As I “grew up” in business in big companies, including IBM, I always wondered why the real innovations seemed to come from startups, while we had more resources and more experience. Later, in my second career as an entrepreneur with startups, I realized that limited resources and fresh insights actually created the mindset that relied on market change and innovation to survive.
For example, IBM was the industry leader in mainframe computers for business, and we knew thousands of ways they could be linearly enhanced for business applications. Yet we never even dreamed of a new potential for personal use of computers, until startups like Apple and Microsoft stepped into the fray. We didn’t notice as technology advances had opened a whole new market.
Now, as a business advisor to large companies, as well as small ones, my objective is to foster those activities and ways of thinking that broaden the potential for high creativity and recognizing new market opportunities, before resource constraints are applied. If you see yourself or your company ignoring any of these, now is the time to take action:
Invest in a new market, as well as new features. I find that non-startups spend most of their resources linearly enhancing existing products, rather than monitoring change in the marketplace and catching the next wave. Employee and customer input are good for fixing bugs, but not good leading indicators. Look outside for future trends and potential.
Use brainstorming for more creative solutions. Effective brainstorming is all about defining and executing a process for creative ideas to create a big impact. Most mature companies have unfortunately replaced it long ago with product management groups to fix problems. You can make it work right with short, open-ended sessions, and a leader.

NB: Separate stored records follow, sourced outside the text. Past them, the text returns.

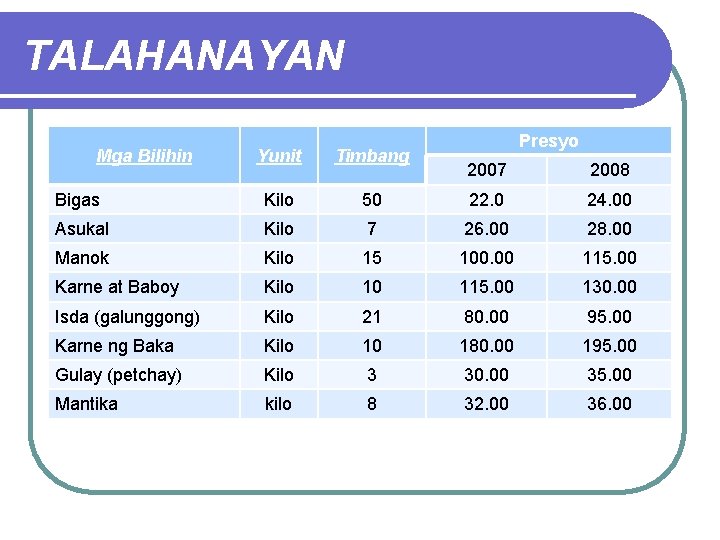 TALAHANAYAN Mga Bilihin Yunit Timbang Bigas Kilo Asukal Presyo 2007 2008 50 22. 0 24. 00 Kilo 7 26. 00 28. 00 Manok Kilo 15 100. 00 115. 00 Karne at Baboy Kilo 10 115. 00 130. 00 Isda (galunggong) Kilo 21 80. 00 95. 00 Karne ng Baka Kilo 10 180. 00 195. 00 Gulay (petchay) Kilo 3 30. 00 35. 00 Mantika kilo 8 32. 00 36. 00
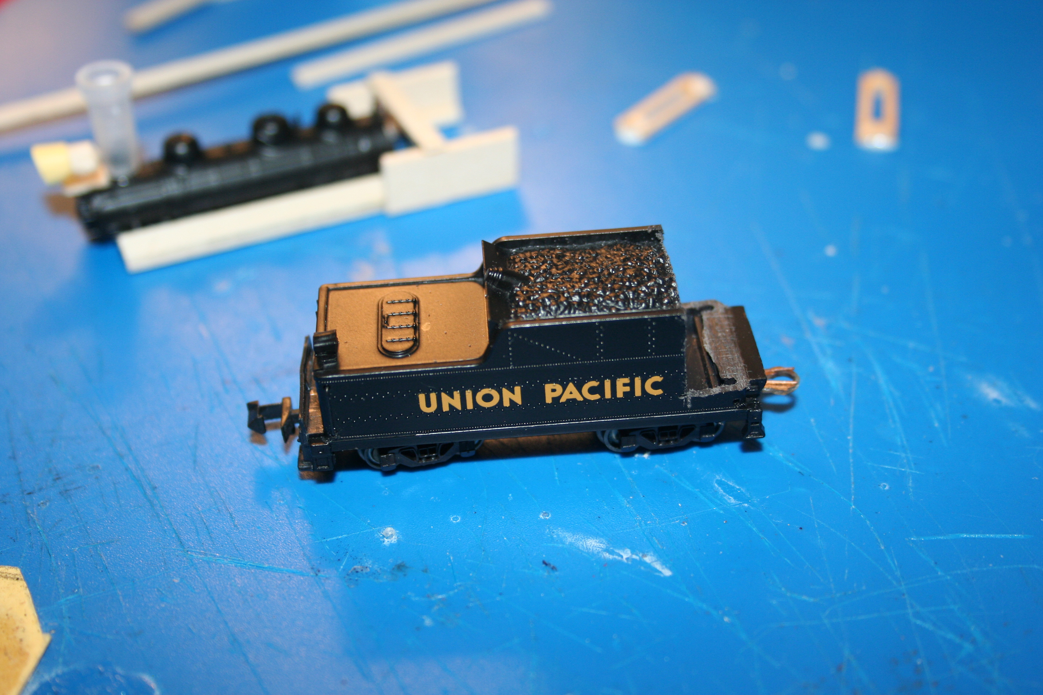 I'm running out to Hobby Lobby today (only "hobby" store where I live) and grabbing a few more N-scale cars to cut up...I'll post some more pics of the rolling stock after I get a caboose built.
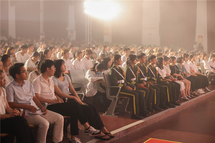 我校有一批先进的老师、学生积极向党组织靠拢,在建党100周年来临之际,他们光荣地加入了中国共产党。新党员宣誓老党员重温入党誓词仪式将本次晚会推向高潮,学校党委书记张阳带领全体党员宣誓,铿锵有力的誓言,表达了党员们不忘初心,牢记使命,对党的无限忠诚,对人民无比热爱。全体党员将积极投身中华民族伟大复兴的壮美事业中去,为党的教育事业奋斗终身。
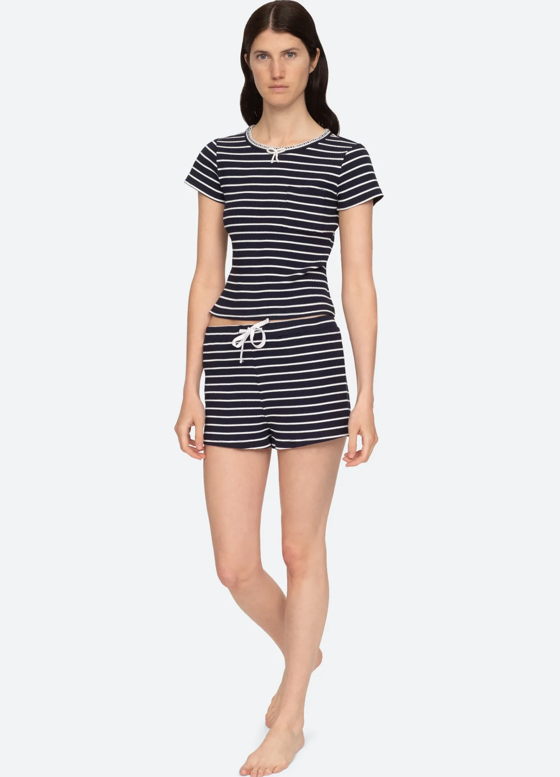 The Bernadette ribbed short pajama set features a decorative bow and patch pocket.

Don’t wait for innovation ideas from top management. Front-line people who deal directly with the market are much more likely to see needed changes, and they need to be rewarded for speaking up, rather than penalized for being the messenger. Of course, you have to propose solutions, request funding, and marshal peer support for credibility.
Balance the focus on productivity versus creativity. Every business needs a focus on productivity as it scales, but an exclusive focus on faster and cheaper processes minimizes the search for really new opportunities, and long-term growth. In addition, team member engagement and loyalty depend largely on the satisfaction of creativity.
Foster a work culture of fun, creativity, and new ideas. People see a work culture of solving problems and repeating fixed processes as just work and drudgery. You will actually get more productivity, as well as innovative new opportunities, from your team by making the work fun through rewarding creativity, and giving them time to think ahead.
Don’t make innovation a function of the business plan. Business plans should be outlines of your strategy, milestones, and finances, but not the required source for change timelines and innovation steps. The need for market and technology changes is unpredictable in any timeframe today. Make your innovations frequent and dynamic.
Celebrate change failures as learning opportunities. If people fear that failed innovations will bring blame and retribution, they quickly learn to wait for edicts from above before getting creative. Promoting new changes as experiments reduces the stigma of failure, since everyone understands that experiments have a high failure rate.
Create and nurture a team dedicated to change. Critical production organizations don’t have the time, mindset, or skills to focus on change, or look far ahead. Build a small dedicated team, sometimes called strategic planning, or change incubator. Choose team members who have been there, or think like entrepreneurs, and reward them on results.
In your business, if you don’t proactively take overt actions like these to foster creativity and innovation, both will likely be lost trying to satisfy existing customers, and trying to keep up with the daily operational challenges that we all have to deal with. Don’t count on your competitors and startups to wait for you to respond. Your ability to survive and thrive in the long-term depend on it.